[Start of Attachment]

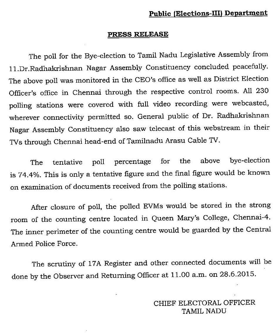 சென்னை ஆர்.கே.நகர் இடைத்தேர்தல் ன்று நடைபெற்றது.  காலை 8 மணிக்கு தொடங்கிய வாக்குப்பதிவு மாலை 5 மணிக்கு முடிந்தது. 5 மணிக்கு முன்னதாக வாக்குச்சாவடிக்கு வந்து வரிசையில் நின்றவர்களுக்கு வாக்களிக்க அனுமதி அளிக்கப்பட்டது. 74.4 சதவீத வாக்குகள் பதிவாகி உள்ளன. பெண் வாக்காளர்கள் 74.8 சதவீதமும், ஆண் வாக்காளர்கள் 74 சதவீதமும் வாக்களித்துள்ளனர் என்று தமிழக தலைமை தேர்தல் அதிகாரி சந்தீப் சக்சேனா செய்தியாளர்களிடம் தெரிவித்துள்ளார்
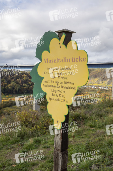 136 Meter hoch, 30 Meter breit, 935 Meter lang, Aussichtspunkt Blumslay, Autobahn, Balkenbrücke, Bauwerk, Bauzeit 1969 bis 1972, Beton, Betonpfeiler, DSD Dillinger Stahlbau, Ed. Züblin AG, Fahrzeitverkürzung, Großbohrpfähle, Heinz Schnorpfeil Bau GmbH, Julius Berger Bauboag AG, Lenz-Bau AG, Mosel-Wanderweg, Moselhochbrücke 1.0, Moselsteig, Rheinland-Pfalz, Stahlbau, Stahlhohlkasten, Stahlkonstruktion, Stahltrasse, Stahlüberbau, Statik, Straßenverwaltung, Tiefgründung, Weinanbaugebiet, Weinberge, Weinlandschaft, Tourismus, Sightseeing, Herbst, Fluss, Mosel, Symbolbild, Symbolfoto
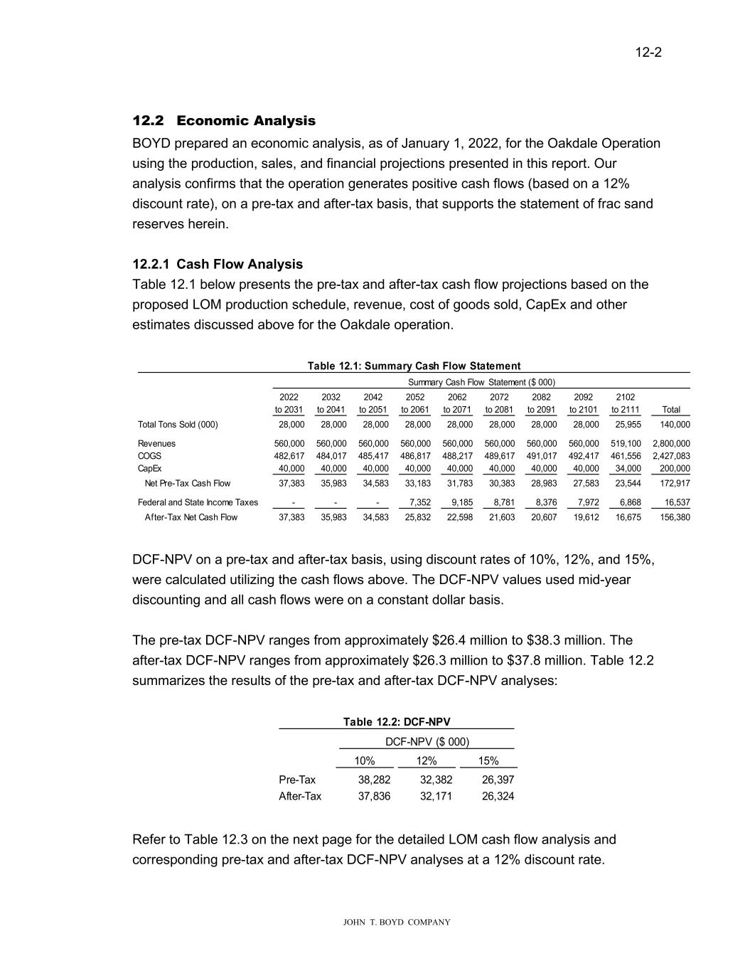 12-2 JOHN T. BOYD COMPANY 12.2 Economic Analysis BOYD prepared an economic analysis, as of January 1, 2022, for the Oakdale Operation using the production, sales, and financial projections presented in this report. Our analysis confirms that the operation generates positive cash flows (based on a 12% discount rate), on a pre-tax and after-tax basis, that supports the statement of frac sand reserves herein. 12.2.1 Cash Flow Analysis Table 12.1 below presents the pre-tax and after-tax cash flow projections based on the proposed LOM production schedule, revenue, cost of goods sold, CapEx and other estimates discussed above for the Oakdale operation. Summary Cash Flow Statement ($ 000) 2022 2032 2042 2052 2062 2072 2082 2092 2102 to 2031 to 2041 to 2051 to 2061 to 2071 to 2081 to 2091 to 2101 to 2111 Total Total Tons Sold (000) 28,000 28,000 28,000 28,000 28,000 28,000 28,000 28,000 25,955 140,000 Revenues 560,000 560,000 560,000 560,000 560,000 560,000 560,000 560,000 519,100 2,800,000 COGS 482,617 484,017 485,417 486,817 488,217 489,617 491,017 492,417 461,556 2,427,083 CapEx 40,000 40,000 40,000 40,000 40,000 40,000 40,000 40,000 34,000 200,000 Net Pre-Tax Cash Flow 37,383 35,983 34,583 33,183 31,783 30,383 28,983 27,583 23,544 172,917 Federal and State Income Taxes - - - 7,352 9,185 8,781 8,376 7,972 6,868 16,537 After-Tax Net Cash Flow 37,383 35,983 34,583 25,832 22,598 21,603 20,607 19,612 16,675 156,380 Table 12.1: Summary Cash Flow Statement DCF-NPV on a pre-tax and after-tax basis, using discount rates of 10%, 12%, and 15%, were calculated utilizing the cash flows above. The DCF-NPV values used mid-year discounting and all cash flows were on a constant dollar basis. The pre-tax DCF-NPV ranges from approximately $26.4 million to $38.3 million. The after-tax DCF-NPV ranges from approximately $26.3 million to $37.8 million. Table 12.2 summarizes the results of the pre-tax and after-tax DCF-NPV analyses: DCF-NPV ($ 000) 10% 12% 15% Pre-Tax 38,282 32,382 26,397 After-Tax 37,836 32,171 26,324 Table 12.2: DCF-NPV Refer to Table 12.3 on the next page for the detailed LOM cash flow analysis and corresponding pre-tax and after-tax DCF-NPV analyses at a 12% discount rate.
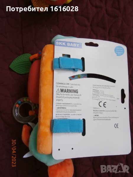 1.Двете големи комбинирани играчки слон и маймунка,могат да се закачат на кошара или на дръжката на количка.Ушите им шумолят,има дрънкалка с топчета,дъвкалка за зъбки и пласмасова торбичка в която могат да се пускат други малки играчки.
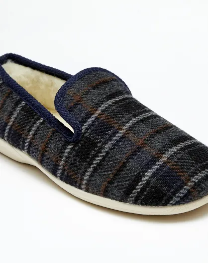 Chaussons charentais fourrés Laine tartan marine bord bleus
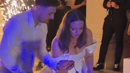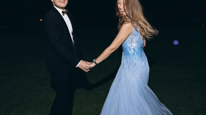 Tinerii au pășit pe un material moale și lucios în timp ce se îndreptau spre locul unde și-au spus jurămintele, în fața invitaților.
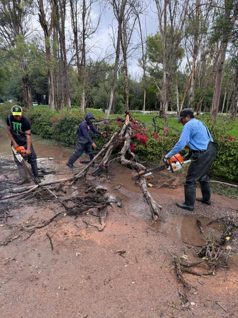 Debido a las fuertes lluvias que se registraron en San Luis Potosí, los parques Tangamanga I y II, registraron caídas de árboles, ramas y hojas, por lo que el personal fortaleció las acciones de limpieza de basura, y escombros, barrido y lavado de vialidades y desazolve en alcantarillas, además del desfogue controlado de los lagos captadores de agua, en apoyo a miles de personas usuarias.

[End of Attachment]

Your assignment:
Please copy exactly the lines from the one containing "Tinerii au pășit" through the last line of the records above, both included, and leave out any pictures.

Exercise result:
 Tinerii au pășit pe un material moale și lucios în timp ce se îndreptau spre locul unde și-au spus jurămintele, în fața invitaților.
 Debido a las fuertes lluvias que se registraron en San Luis Potosí, los parques Tangamanga I y II, registraron caídas de árboles, ramas y hojas, por lo que el personal fortaleció las acciones de limpieza de basura, y escombros, barrido y lavado de vialidades y desazolve en alcantarillas, además del desfogue controlado de los lagos captadores de agua, en apoyo a miles de personas usuarias.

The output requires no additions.